LatAm’s Gaming Industry Is Tipped to Boom and Here’s How

The Booming Latin American Gaming Industry

Latin America is one of the most promising markets for the video game industry. While the regional economies may have been put under some strain in recent times, the potential of the continent is undeniable. According to the Inter-American Development Bank, the video gaming industry is one of those economic faucets that can add value to the everyday lives of Latin Americans. Whether you want to try Roulette77 games online or would much rather play Overwatch 2 or Rainbow Six: Siege, or even Valorant, there are many opportunities for consumers to find new and exciting entertainment outlets.

Far more importantly, however, the Latin American market is opening up not only as a consumer, but as a developer of video gaming technology, products, and events. Latin America’s young demographics are giving the industry a strong foothold and a prospect for further growth. According to Statista, a data and analytics website, Latin America’s gaming revenue will reach $3.6 billion by 2023, on course to improve several fold forms the $2.23 billion reported in 2018. However new data has disproved the target and indicated that Mexico, Argentina, and Brazil already had reached $4 billion in terms of revenue driven by the gaming industry in 2018.
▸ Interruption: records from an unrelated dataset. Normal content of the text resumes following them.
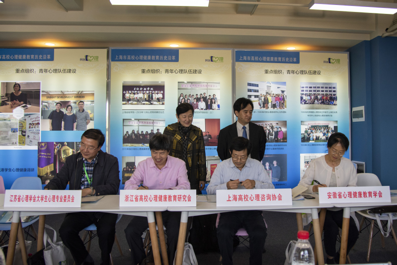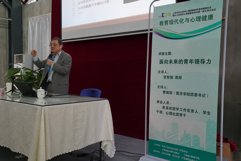 下午,大会分别召开专家研讨会和专家讲座,在专家研讨会上,上海民办高校心理健康教育基地负责人、震旦职业学院党委书记黄晞建与清华大学学生心理发展指导中心代表王旭主任助理、交通大学心理中心主任杨文圣教授签署合作协议,戴兆骏教授、马建青教授、陈增堂教授和孔燕教授共同签署了江浙沪皖三省一市“长三角高校心理健康教育发展一体化协作”协议。与会专家对基地建设和长三角高校心理健康教育的发展,大学生心理健康现状做了分析和展望。上海市领导科学学会副会长、上海中医药大学原党委书记张智强教授为各民办高校团学工作负责人、学生干部、心理社团骨干作了《面向未来的青年领导力》专题报告,并与学生进行了面对面的讨论。
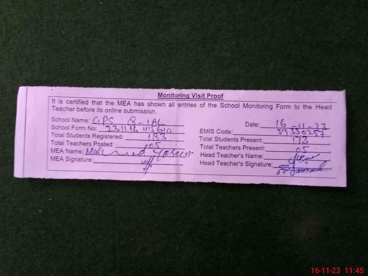 | Attendance Register | Head Teacher | MEA with School | Visit Proof |
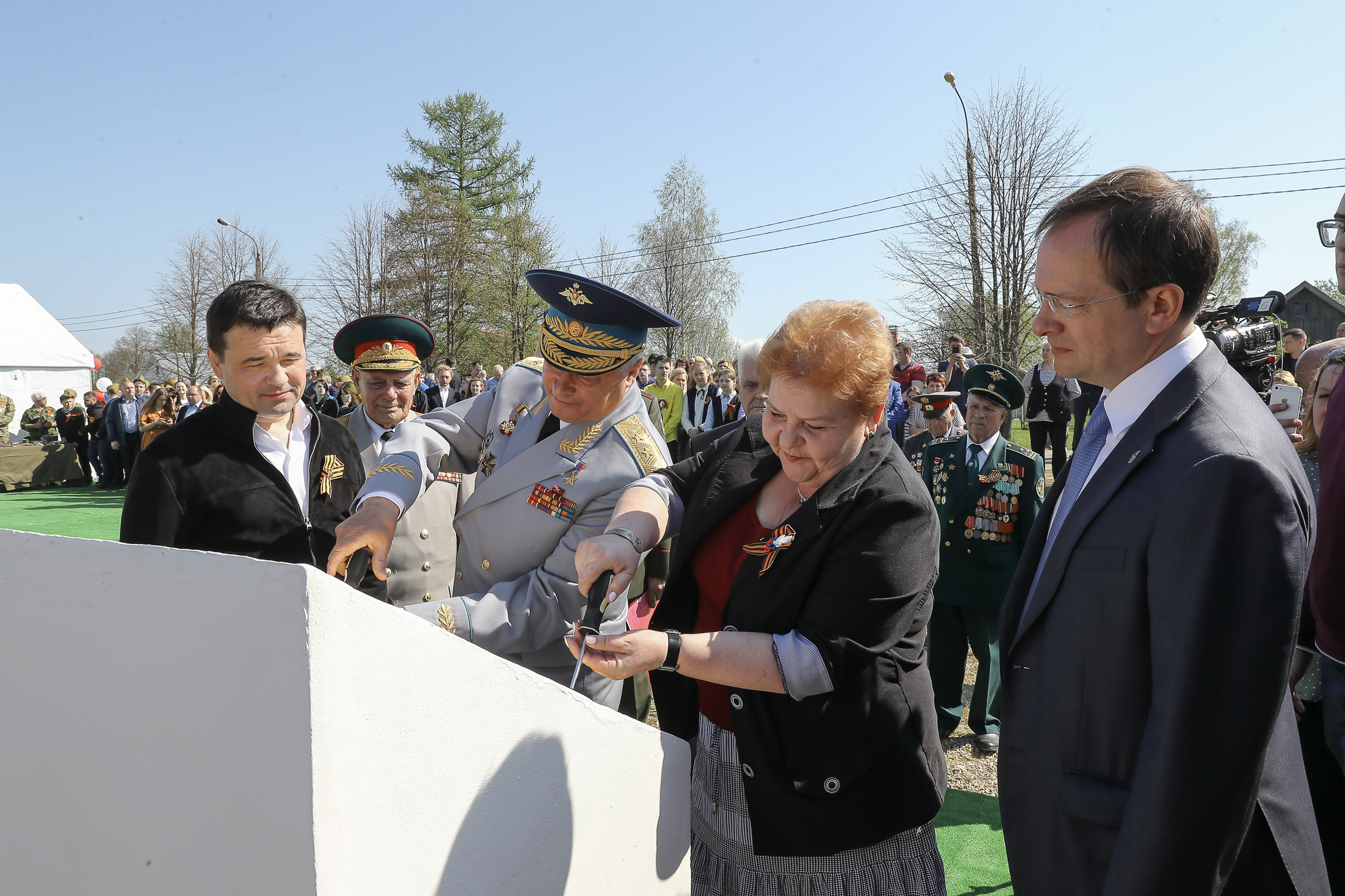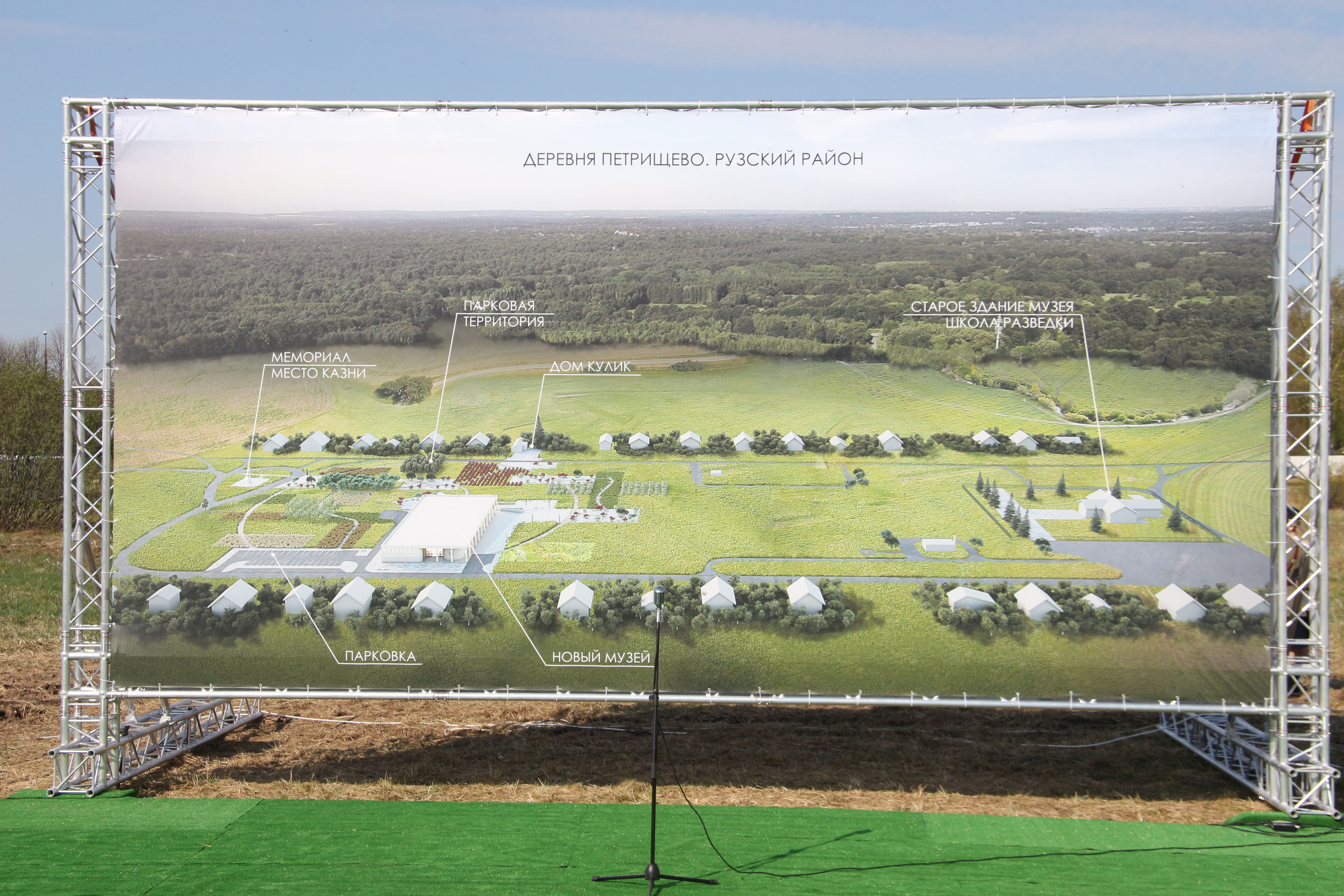 Церемония прошла на территории будущего комплекса в селе Петрищево Рузского городского округа Московской области. В ней также приняли участие губернатор Московской области Андрей Воробьев, первый заместитель начальника Главного управления Генерального штаба Вооруженных сил РФ Владимир Алексеев, исполнительный директор Российского военно-исторического общества Александр Барков и другие.
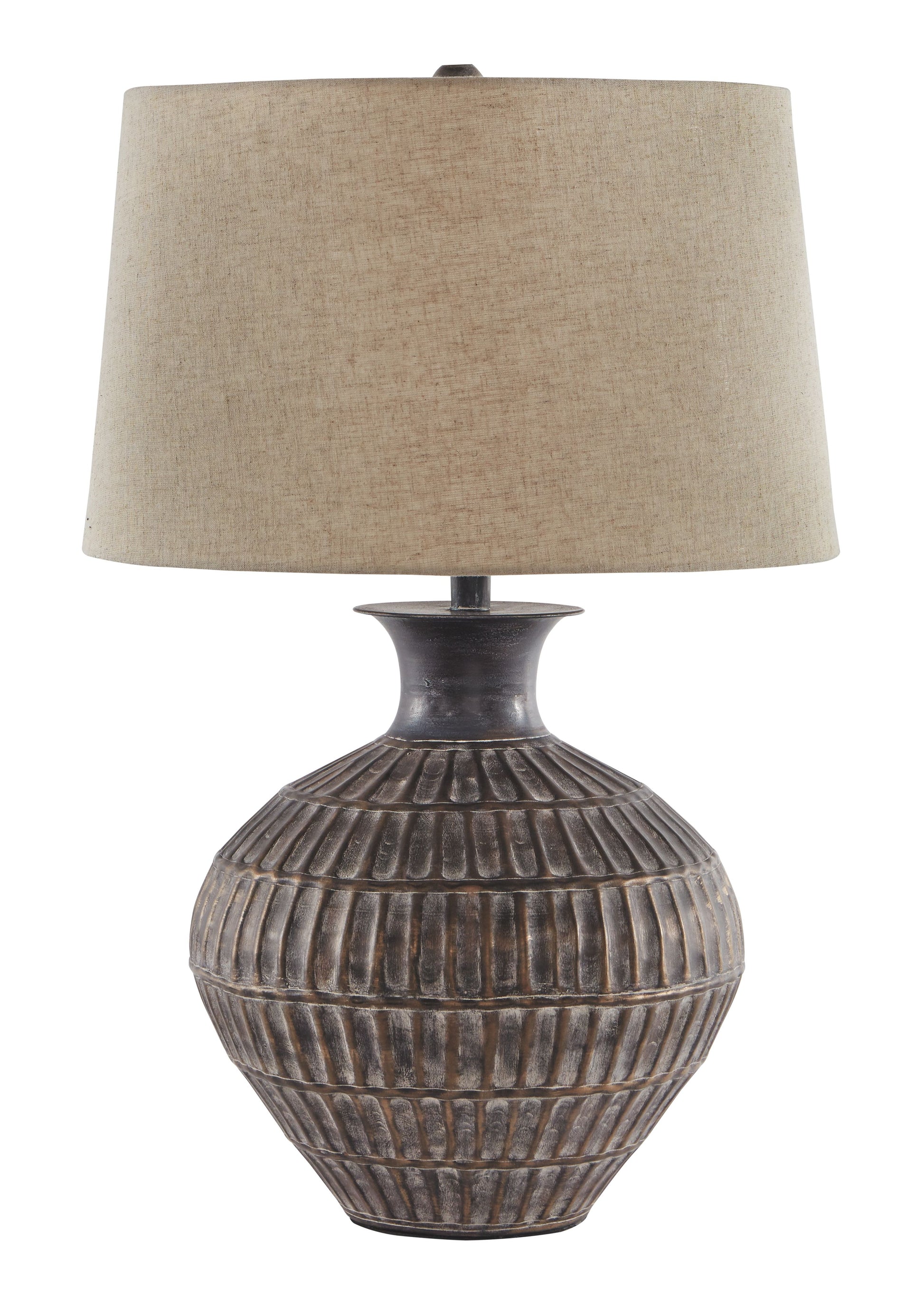 With this table lamp, you can cast a well-lit glow any time of day in style. Its wide, shapely base is teeming with textured metal. The lamp's bronze-tone finish gives that pop of casual chic flair you’ve been looking for.
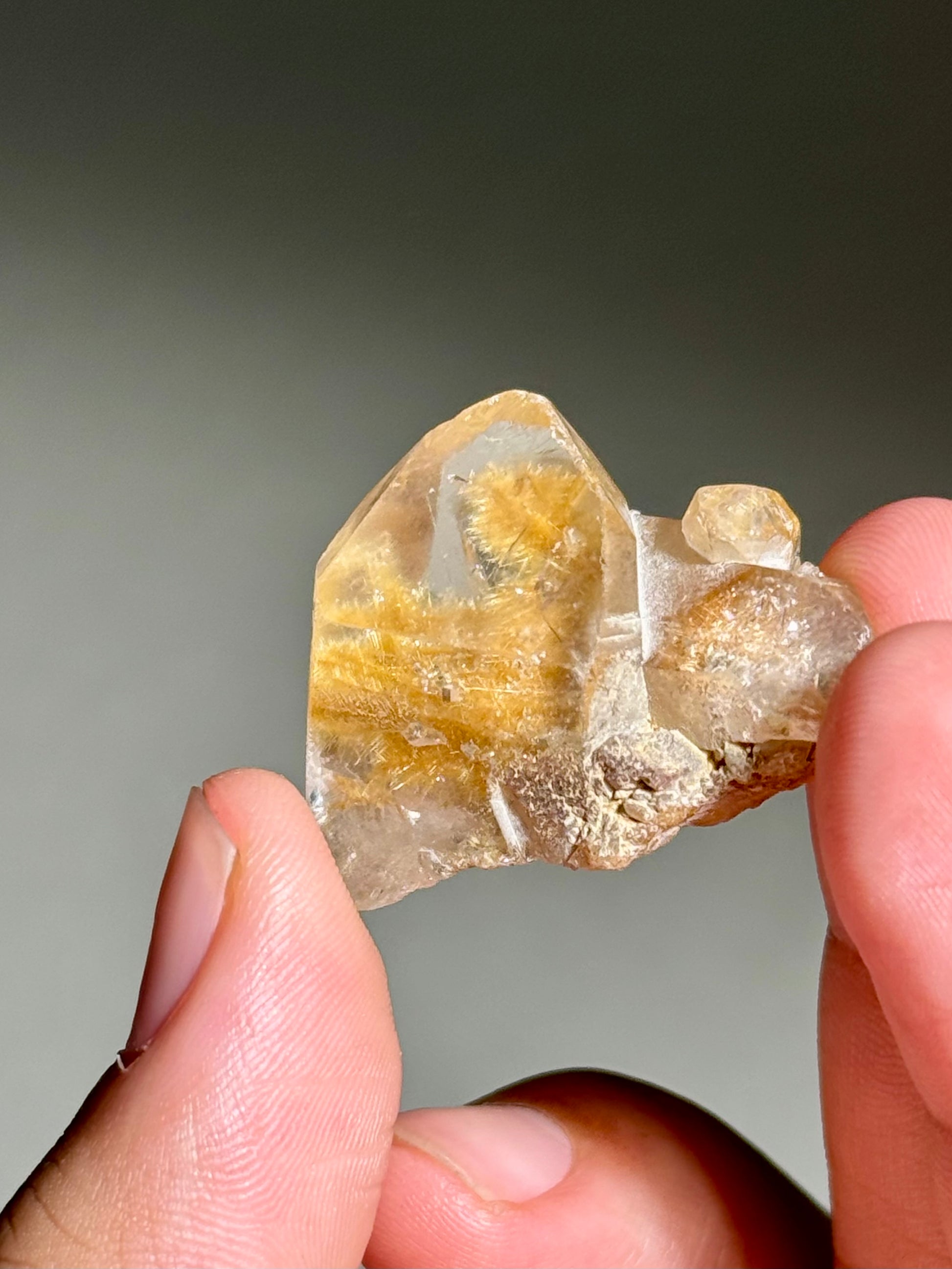 A small quartz piece with rutile inclusions and internal quartz crystals nestled into the rutile.
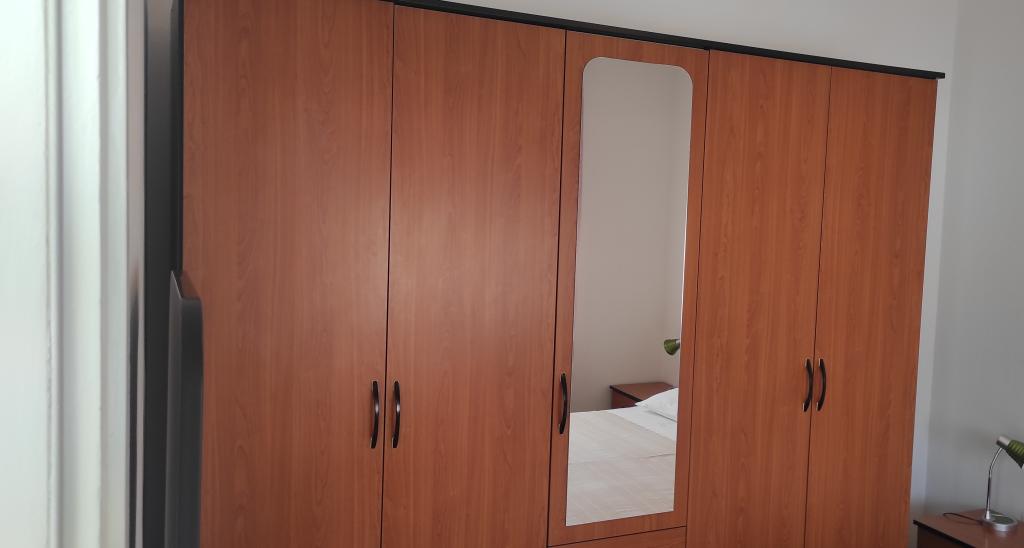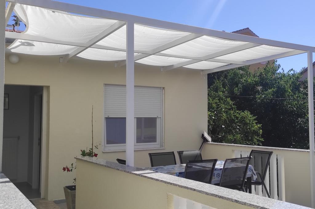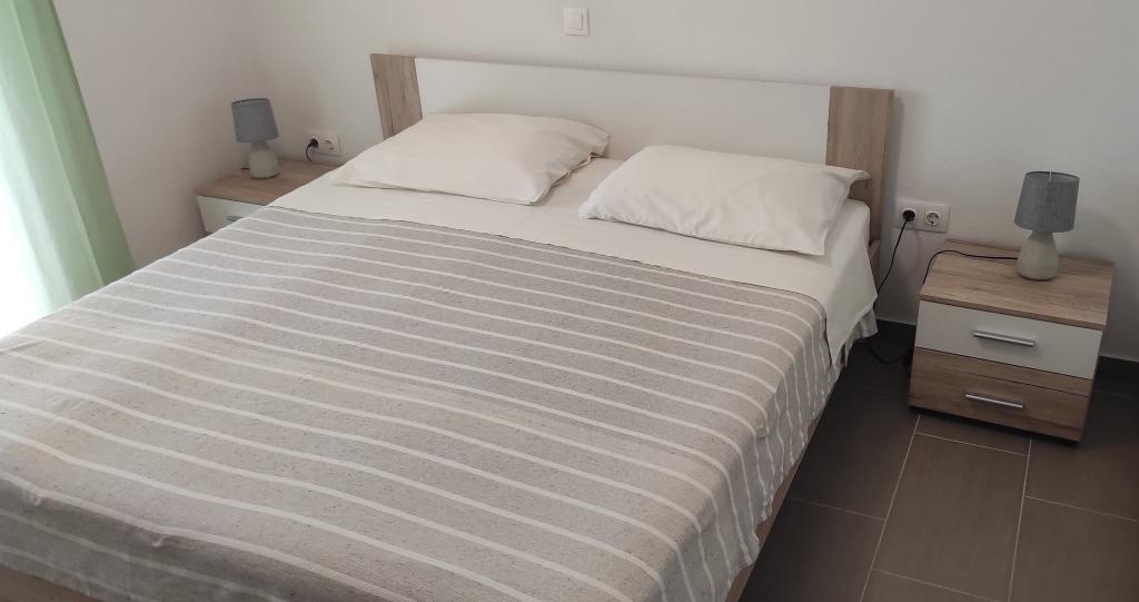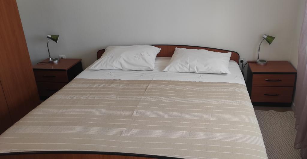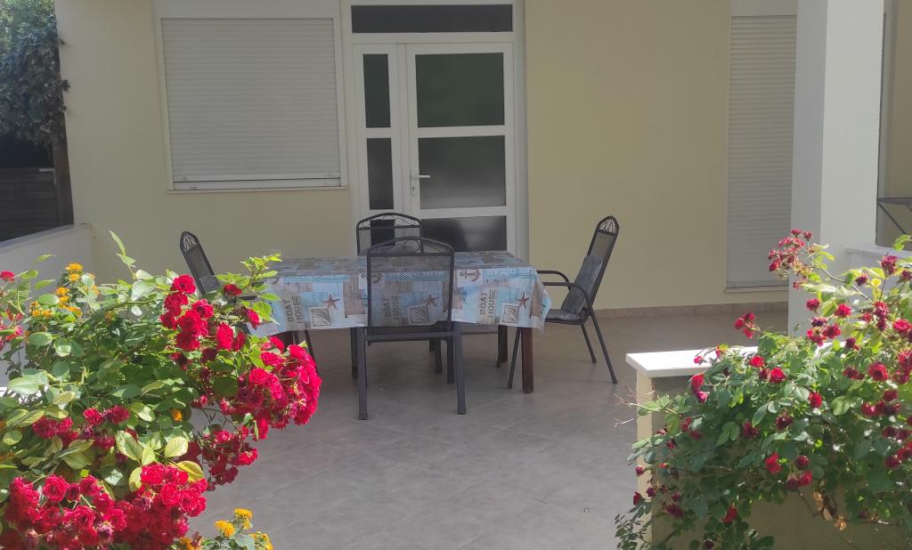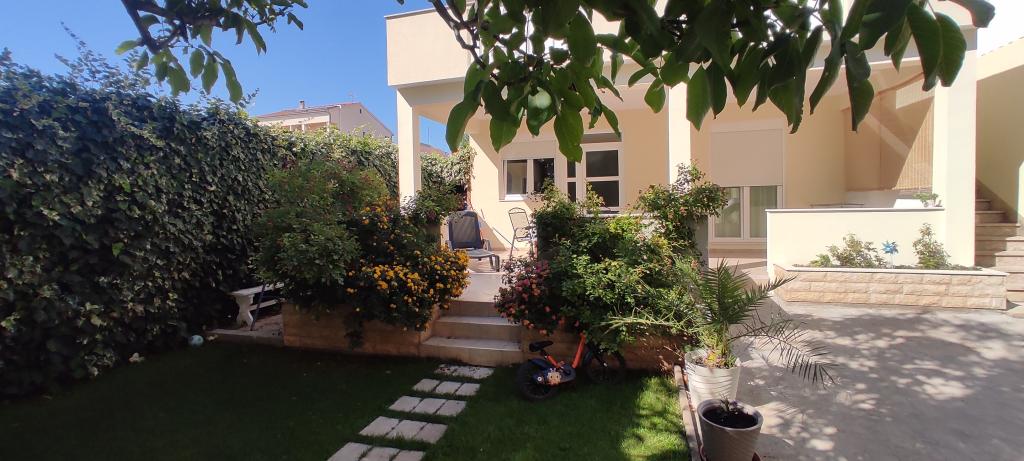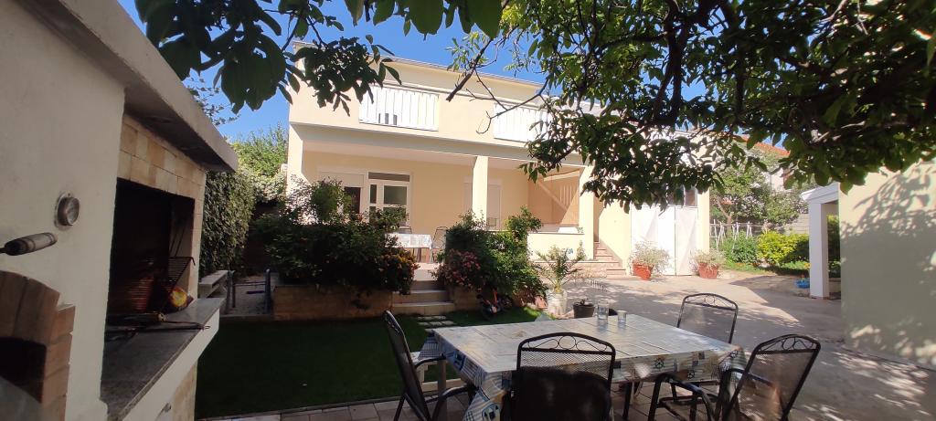 Het familiehuis met twee volledig uitgeruste appartementen ligt in een rustig deel van de stad, niet ver van het centrum (2 minuten lopen) en het strand (3 minuten lopen). Het gebouw wordt omgeven door een grote tuin met veel groen en schaduw en ligt wat terug van de weg, wat naast rust ook een gevoel van veiligheid geeft. Er is ook een grote privéparkeerplaats aan de voorkant en een grasveld waar gespeeld kan worden. Appartement A2+2 bevindt zich op de begane grond van het huis en bestaat uit een slaapkamer, keuken, eetkamer, woonkamer met slaapbank en badkamer. Er is een ruim overdekt terras aan de voorzijde. Appartement A4+2 bevindt zich op de eerste verdieping en bestaat uit twee slaapkamers, keuken, eetkamer, woonkamer met slaapbank en badkamer. Er zijn twee ruime overdekte terrassen aan de voorzijde. Alle gasten kunnen gebruikmaken van de grill in de tuin. De gastheren zijn vriendelijk en meegaand.
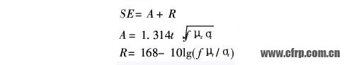 根據(jù)Schelkunoff電磁屏蔽理論,材料的電磁屏蔽效能SE由吸收損耗A、反射損耗R和內部反射損耗B組成。當A大于10dB時,B可以忽略,則屏蔽效能是A和R之和,用公式表示為:

Where Are Video Games Popular in Latin America?

Brazil and Argentina will be two of the most important markets for potential investors as well as anyone who wants to contribute to the local gaming industry. Mexico is another important contributor, with over 27 billion pesos generated by the video gaming industry in 2018 alone.

Latin America is a big region, meaning there is a lot of growth potential. The compound Annual Growth Rate is now listed at 11.4% by at least 2023. According to a 2018 Netscribes report, the industry should be worth $6.29 billion by that time. Of course, the biggest focus for the last few years has been on PC and partly console gaming.

However, a new gaming outlet has formed recently. Mobile gaming is soaring, embraced by both consumers but also manufacturers. Companies such as Supercell have been making a fortune around the world. Supercell in particular has produced several blockbuster mobile titles, driving outstanding revenue, including in LATAM countries.

Clash of Clans, Clash Royale, and Brawl Stars are just some of the mobile games that have established themselves. Yet, in places like Brazil, consumers and investors are banking on the new trend known as competitive video gaming, look at this site.


Can Esports Drive More Results for Video Gaming in LATAM?

Brazil is one of the key markets in Latin America not only because of its populous nation but also because it has a tradition in competitive video gaming. While the majority of “esports” events are taking place in North America and Europe, Brazil has done quite well.

The esports industry is also worth $1 billion and Blizzard, one of the largest game developers has been putting efforts to stream the Overwatch League (OWL), a popular gaming competition, in Portuguese and make it more readily accessible to local audiences.

Yet, gamers have been perhaps a little more interested in Valve’s Counter-Strike: Global Offensive and Ubisoft’s Rainbow: Six Siege. Both games go back nearly a decade, shaping up as the most worthwhile options for many video gamers. Of course, Latin America still has some way to go before the country can become a sustainable bedrock of the gaming industry, but all the right signs are there.

The region is vibrant, with many young people who are open to online culture and forms of entertainment. While LATAM is important in a purely consumerist aspect, the country has the potential to become produced.

Whether it concerns expos, esports, or the development of new and promising video games, Latin America has a potential that is worthy of respect. The places where the gaming revolution hasn’t reached are scarcer than ever before.

The views expressed in this article are those of the authors and do not necessarily reflect the views or policies of The World Financial Review.